Political actors and school change in New York City and Hong Kong: One hundred years and nothing changed

Kenneth Scott VOLK

Research output: Contribution to conferencePaper


The Gary Plan of “work-study-play” was the brainchild of William Wirt (1874-1938) and praised for its progressive features by educators such as John Dewey (1859-1952). Introduced in 1907 to the schools of Gary, Indiana USA by Superintendent of Schools Wirt, the plan reorganized the school day and included curriculum features that fostered hands-on activities relating to occupations and daily life. It was also an articulated structure and program, offered from primary through secondary grades.

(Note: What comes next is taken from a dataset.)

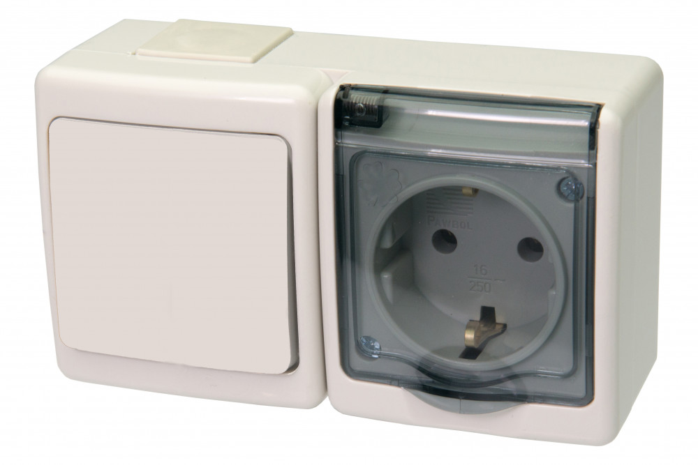 Fehér egypólusú kapcsoló + egyes dugalj átlátszó csapófedéllel, kültéri, vízmentes, IP44,

The increased notoriety of the plan’s social and financial benefits led the new mayor of New York City to invite Wirt as a consultant to transform their overstretched schools. What followed were several acrimonious years of position papers, posturing and propaganda by many political actors regarding school change. Nearly 100 years later, Hong Kong is also going through major changes in schools. Policy initiatives orchestrated by the new government have influenced the medium of instruction used in schools and classified subjects under Key Learning Areas for all students to study. Recently, the government has proposed to reduce secondary school years from a 3+4 system to one that is 3+3, as well as a new compulsory upper secondary subject called Liberal Studies. Similar to New York City, Hong Kong has its own political actors. Lessons can be learned from New York City’s initiative regarding the potential for successful school change in Hong Kong.
Original languageEnglish
Publication statusPublished - May 2005



Volk, K. S. (2005, May). Political actors and school change in New York City and Hong Kong: One hundred years and nothing changed. Paper presented at Redesigning Pedagogy International Conference: Research, Policy, Practice, Singapore.